Biden nominee, Lina Khan, FTC Commissioner, Senate

The Senate voted 69 to 28 on Tuesday (June 15) to appoint antitrust expert and known tech critic Lina Khan as a commissioner to the Federal Trade Commission (FTC), numerous news outlets, including Axios, reported.

“The overwhelming support in the Senate for Lina Khan’s nomination to serve on the Federal Trade Commission is a big win for fair competition in our country,” according to a statement by FTC Commissioner Rohit Chopra. “There is a growing consensus that the FTC must turn the page on the failed policies spanning multiple administrations.”

He pointed to Khan’s “extraordinary record” and anticipates she will be “instrumental” in assisting the FTC “chart a new course.”

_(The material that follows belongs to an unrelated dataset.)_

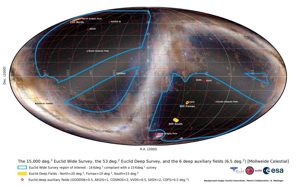 All-sky map in a 2D projection of the Euclid “Region of Interest” in blue, where the Wide Survey will be carried out. The three Euclid Deep Fields are marked in yellow, and popular auxilliary fields in red (Credit: Euclid Consortium Survey Group/J.-C. Cuillandre)

Khan is known for her expertise in applying anti-competition legislation to the tech industry. While a student at Yale’s law school, she wrote a paper that got the attention of policymakers. The paper detailed how antitrust legislation didn’t check Amazon’s power, the New York Times reported.

Khan’s nomination received bipartisan endorsement last month from the U.S. Senate Commerce, Science and Transportation Committee before the nomination went before the full Senate on Tuesday (June 15).

The youngest of the five FTC commissioners, Khan is a Columbia University Law School professor and previously served on the U.S. House Judiciary Committee’s Democratic staff.

President Joe Biden’s nominee — his first for an antitrust post — testified at a Senate committee in April that federal agencies are not doing enough to effectively oversee big tech’s dominance. She pointed to Google and Apple as having especially high levels of power and stated that more oversight was needed.

Last week, the U.S. House of Representatives proposed five legislative drafts aimed at big tech. The proposed laws address big tech’s dominance; prohibit companies from acquiring their competitors; and prohibiting shopping platforms like Amazon from selling their own products in competition with the merchants selling on the marketplace.